• Exercise requirements
Only the lines below between the one holding "key ) % HASH_SLOTS_NUMBER。" and the one holding "Sign-up / registration", inclusive, are to be reproduced word for word; the pictures are to be left out.

The data section start

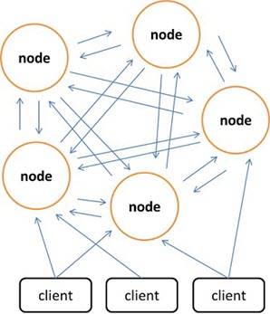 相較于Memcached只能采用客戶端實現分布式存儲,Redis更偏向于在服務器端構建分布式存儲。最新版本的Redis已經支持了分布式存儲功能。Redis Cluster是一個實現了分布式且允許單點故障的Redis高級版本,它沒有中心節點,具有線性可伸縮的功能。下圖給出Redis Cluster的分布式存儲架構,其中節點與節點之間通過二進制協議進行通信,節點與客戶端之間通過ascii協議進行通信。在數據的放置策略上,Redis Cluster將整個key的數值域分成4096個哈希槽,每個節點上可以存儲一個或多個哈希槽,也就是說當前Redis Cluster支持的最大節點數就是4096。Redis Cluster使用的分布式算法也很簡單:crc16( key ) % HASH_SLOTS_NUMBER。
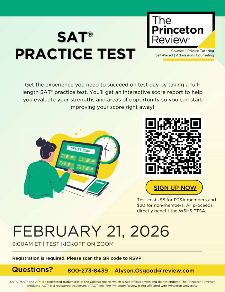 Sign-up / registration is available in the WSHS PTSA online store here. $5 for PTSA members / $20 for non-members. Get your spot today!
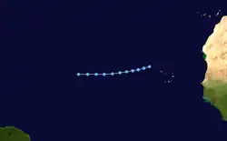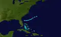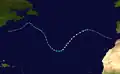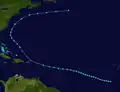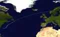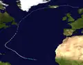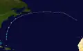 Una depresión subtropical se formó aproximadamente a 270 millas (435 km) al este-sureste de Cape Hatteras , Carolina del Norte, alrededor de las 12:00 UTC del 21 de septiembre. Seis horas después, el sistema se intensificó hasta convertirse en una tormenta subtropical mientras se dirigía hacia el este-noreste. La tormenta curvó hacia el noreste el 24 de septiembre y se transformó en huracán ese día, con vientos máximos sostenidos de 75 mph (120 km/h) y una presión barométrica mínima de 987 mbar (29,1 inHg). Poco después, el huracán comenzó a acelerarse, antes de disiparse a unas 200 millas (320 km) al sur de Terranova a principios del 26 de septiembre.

The data section end
The data section start

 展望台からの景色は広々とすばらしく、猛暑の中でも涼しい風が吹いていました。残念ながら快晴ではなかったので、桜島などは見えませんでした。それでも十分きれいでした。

The data section end
The data section start

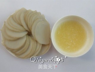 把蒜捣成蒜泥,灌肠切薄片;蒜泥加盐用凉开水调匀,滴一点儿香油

The data section end

• Your solution
 相較于Memcached只能采用客戶端實現分布式存儲,Redis更偏向于在服務器端構建分布式存儲。最新版本的Redis已經支持了分布式存儲功能。Redis Cluster是一個實現了分布式且允許單點故障的Redis高級版本,它沒有中心節點,具有線性可伸縮的功能。下圖給出Redis Cluster的分布式存儲架構,其中節點與節點之間通過二進制協議進行通信,節點與客戶端之間通過ascii協議進行通信。在數據的放置策略上,Redis Cluster將整個key的數值域分成4096個哈希槽,每個節點上可以存儲一個或多個哈希槽,也就是說當前Redis Cluster支持的最大節點數就是4096。Redis Cluster使用的分布式算法也很簡單:crc16( key ) % HASH_SLOTS_NUMBER。
 Sign-up / registration is available in the WSHS PTSA online store here. $5 for PTSA members / $20 for non-members. Get your spot today!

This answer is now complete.